Restate word for word each line from the one containing "MECZ TENISA STOŁOWEGO" through the end of the material, and nothing more. Drop every picture.

§ **DATA EXCERPT**:
▬▬▬

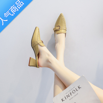 SUNTEK包头凉鞋女2023新款春夏季百搭仙女风温柔中跟粗跟高跟鞋尖头单鞋
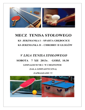 MECZ TENISA STOŁOWEGO KS JERZMANKA I – SPARTA GRĘBOCICE KS JERZMANKA II – CHROBRY II GŁOGÓW V LIGA TENISA STOŁOWEGO SOBOTA 7 XII 2013r. GODZ. 10.30 GIMNAZJUM NR 2 W CHOJNOWIE (SALA GIMNASTYCZNA) ZAPRASZAMY !!!
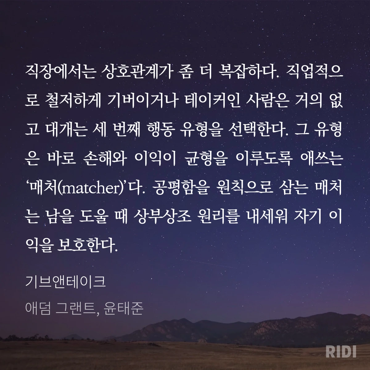 1. 세상에는 기버giver와 매쳐matcher, 테이커taker가 존재한다.
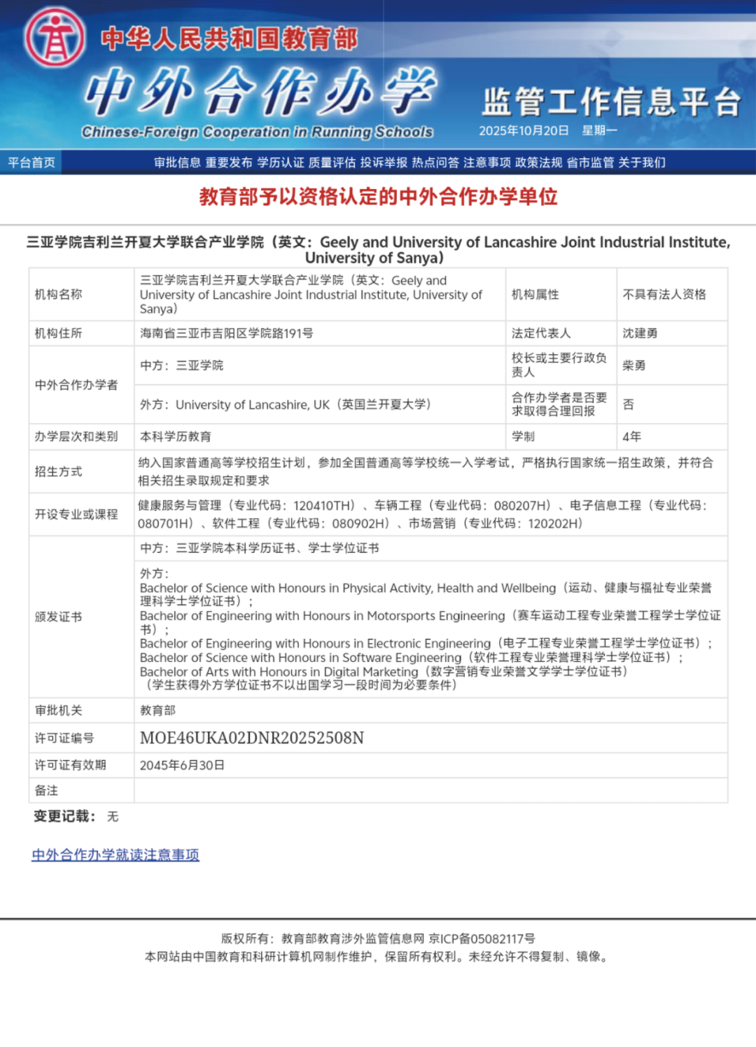 三亞學院吉利蘭開夏大學聯(lián)合產(chǎn)業(yè)學院

▬▬▬

§ **TASK OUTPUT**:
 MECZ TENISA STOŁOWEGO KS JERZMANKA I – SPARTA GRĘBOCICE KS JERZMANKA II – CHROBRY II GŁOGÓW V LIGA TENISA STOŁOWEGO SOBOTA 7 XII 2013r. GODZ. 10.30 GIMNAZJUM NR 2 W CHOJNOWIE (SALA GIMNASTYCZNA) ZAPRASZAMY !!!
 1. 세상에는 기버giver와 매쳐matcher, 테이커taker가 존재한다.
 三亞學院吉利蘭開夏大學聯(lián)合產(chǎn)業(yè)學院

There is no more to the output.